Cellular reprogramming to model the human brain in vitro: an interview with Cedric Bardy

In this interview, Cedric Bardy, the Director of the Laboratory for Human Neurophysiology and Genetics at SAHMRI Mind & Brain in Australia, discusses progresses in stem cell reprogramming technologies that have the potential to lead to the discovery of new clinical treatments for neurological and psychiatric disorders.

Cedric Bardy
Dr Bardy is an expert in human neural stem cell models, electrophysiology and single-cell genetics. His research efforts are focused on developing new stem cell biotechnologies and strategies to understand the effect of neurological disorders on brain cells. He obtained a PhD in Medicine from the University of Sydney (Australia) in Dr Bogdan Dreher’s Laboratory (2004—2008). He followed his postdoctoral training in Neuroscience in the laboratory of Dr Pierre-Marie Lledo at the Pasteur Institute in Paris (2008—2010). He then received the prestigious Marie Curie international fellowship to pursue his research in the laboratory of Dr Fred Gage at the Salk Institute in California (2011—2016). In 2016, he was appointed Assistant Professor/Senior research fellow at the newly established South Australian Health and Medical Research Institute, and Senior Lecturer at the School of Medicine of Flinders University.

Website: www.bardylab.com
Email: [email protected]

Could you tell us a little about your career to date and what drew you into the field of neuroscience?

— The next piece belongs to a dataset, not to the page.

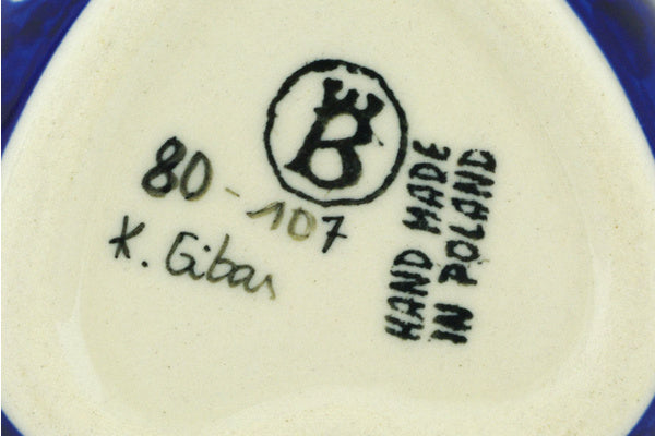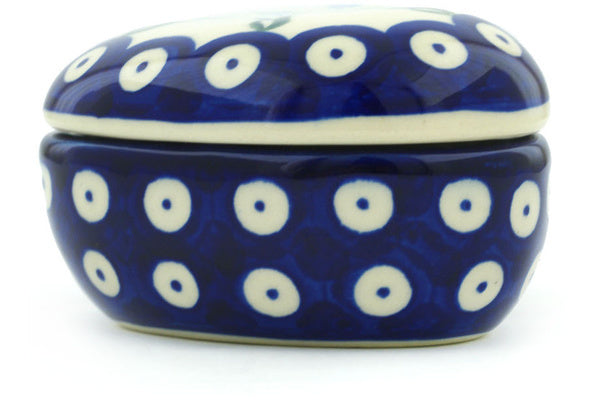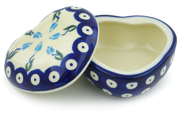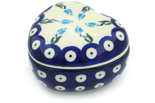This Polish Pottery Heart Shaped Jar is handmade and handpainted by the Ceramika Bona factory in Boleslawiec, Poland. Manufacturer item number H4066H. It is 2¼" high and measures 3¾" by 3¾". The capacity of this Heart Shaped Jar is 5.07 oz (brimful) and it weighs 0.6 lbs. It is part of the Peacock Tulip Garden Collection.

The complexity and power of the human brain fascinates me. I spent many years as a junior researcher scrutinizing how neural circuits process sensory inputs to create coherent visual perception, olfaction, movement and memories. It’s incredible that even the most powerful computers do not compete with the ordinary tasks that the human brain can perform. The brain is also beautifully designed to adapt to a wide range of changing biological conditions.

However, in some instances such brain plasticity reaches its limits and fails to maintain a balanced healthy neuronal activity. The consequences are serious and manifest in a variety of debilitating neurological disorders such as Parkinson’s disease, Alzheimer’s disease or depression. My lab is investigating the possibilities that some individuals have specific genetic predispositions that make it harder to cope with biological stressors and maintain a balanced brain activity. Understanding these molecular mechanisms at the cellular level will provide solid basis to discover medical alternative that will help patients coping with serious brain disorders.

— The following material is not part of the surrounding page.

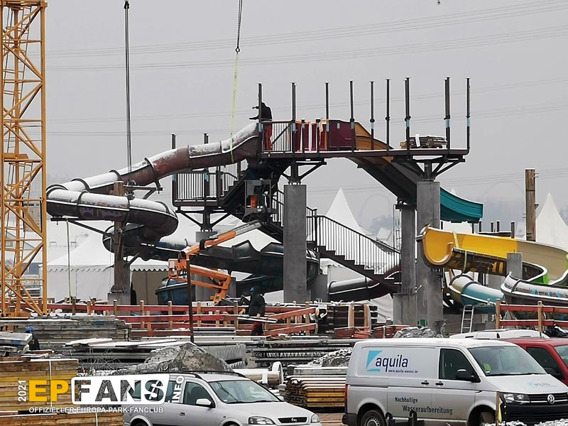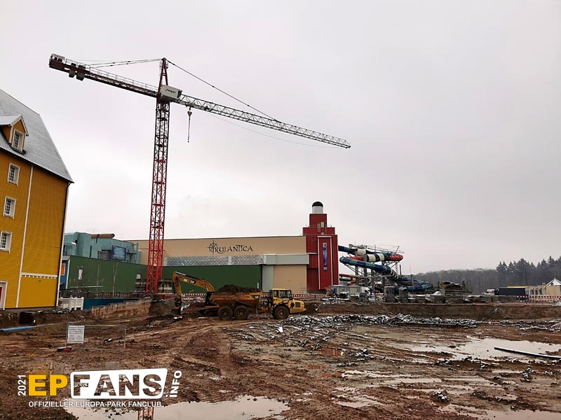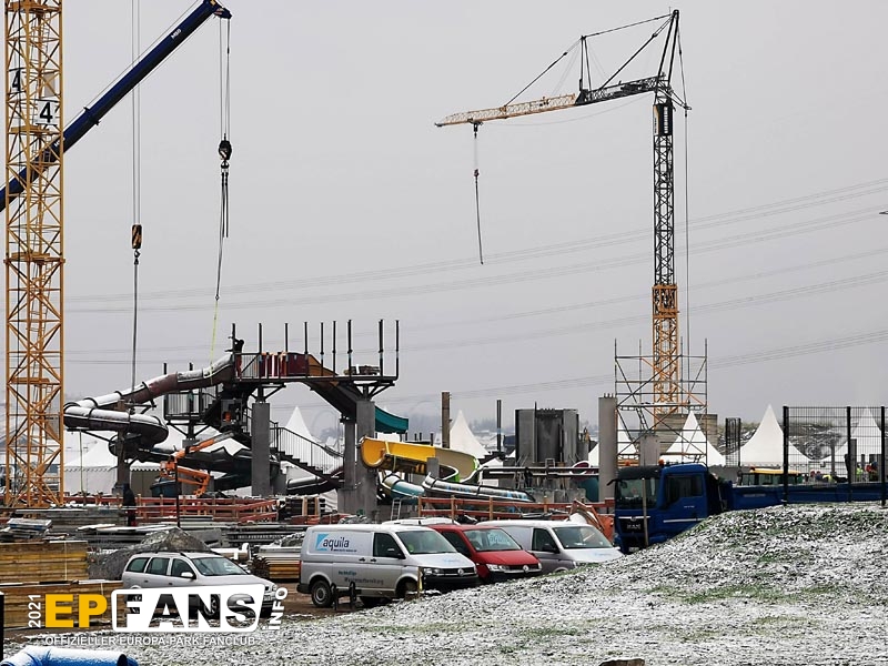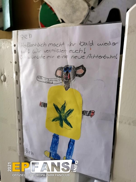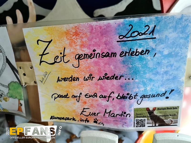 Nicht desto trotz möchten wir an dieser Stelle wieder ein paar Nachrichten zusammenfassen, die es vor Ort gibt oder im Internet zu finden sind: Baustelle Rulantica: ![]() Moment mal, warum denn "Baustelle"? Rulantica ist doch schon fertig? Stimmt! Aber wie immer ruht man sich in Rust nicht aus, sondern geht immer gleich den nächsten Schritt. So gibt es inzwischen deutlich sichtbare Fortschritte am Bau von Svalgurok, dem neuen Rutschenturm im Außenbereich von Rulantica. Nicht nur der Rohbau vom Turm steht bereits - nein, auch die ersten Rutschenelemente sind bereits montiert. Bei aktuell -5°C ist ein Sprung ins kühle Nass noch nicht so recht vorstellbar. Aber wir sind sicher, dass der Bereich nach Fertigstellung eine echte Bereicherung des Rulantica-Angebots sein wird. Ein neues Artwork hat Michael Mack vor einigen Tagen veröffentlicht: ![]() © Twitter/Michael Mack Fan-Zaun am Haupteingang: Einige Fans haben den Wunsch nach einer baldigen Europa-Park Öffnung und ihre Verbundenheit zum Park durch selbst erstellte Grußbotschaften zum Ausdruck gebracht. So kann man unter Straßenunterführung vor dem Haupteingang zahlreiche Bilder, Zeichnungen und Schriftstücke finden, welche ein bisschen Mut machen sollen. Wir haben uns die Botschaften einmal angeschaut. (Siehe Bilder) Eatrenalin: Was ist denn "Eatrenalin"? Nun, der Name taucht bisher in Rust noch nicht weit verbreitet auf, wenngleich auch inzwischen kein Geheimnis mehr um das neue Projekt gemacht wird. Laut eigener Homepage werden die Gäste ab Herbst 2021 eine "neue Dimensionen von Kulinarik und (...) eine Sensation für alle Sinne" erfahren. ![]() Weiterhin heißt es auf europapark.de: "Das Gastronomie-Erlebnis Eatrenalin bringt die Stärken des badischen Familienunternehmens Mack in einer bislang nie dagewesenen Art und Weise zusammen: Transportsysteme von Mack Rides, virtuelle Medien von Mack Animation und MackNeXT sowie die gastronomische Kompetenz rund um Zwei-Sterne Koch Peter Hagen-Wiest." Insbesondere die Kombination aus Transportsystemen und Gastronomie lässt aufhorchen! Erleben wir hier eine neue Auflage des "Foodloop"? Oder begeben sich die Gäste selbst auf eine Reise? Wir sind und bleiben gespannt! Europa-Park im Winterkleid: Es keine wirkliche Neuheit, dennoch möchten wir einen Film des EPs hier wiedergeben, den der Park selbst auf Facebook veröffentlicht hat. Da wir von zahlreichen Fans wissen, welche selbst keinen Facebook-Zugang haben hier der Film direkt: Der Europa-Park im (seltenen) weißen Winter-Kleid: Es wird mit Sicherheit noch weitere Neuheiten geben von denen wir hier nicht berichtet haben. Aber mit diesem kleinen Überblick wollten zumindest mal ein paar hoffentlich interessante News mit euch teilen.

Why is stem cell research important for your work?

To increase our chances of discovering new efficient medical treatments, we must diversify experimental models. Human cell reprogramming technologies have rapidly become a vital element in the medical researchers’ toolkit, especially in the field of neuroscience, where access to human brain biopsies is limited. The potential to unlimited access of live human neuronal tissue in vitro with stem cell technologies give new hopes for better understanding of neurological disorders.

“Human cell reprogramming technologies have rapidly become a vital element in the medical researchers’ toolkit, especially in the field of neuroscience, where access to human brain biopsies is limited.”

What does your current role entail?

I have been fortunate to join the pioneering lab of Professor Fred Gage at the Salk Institute (CA, USA) at an exciting time, when iPSC technology breakthrough unlocked new, wide research possibilities. I also quickly realized that despite the hype and hope in the neural stem cell field, the current in vitro models were quite distant from basic neurophysiological conditions in vivo.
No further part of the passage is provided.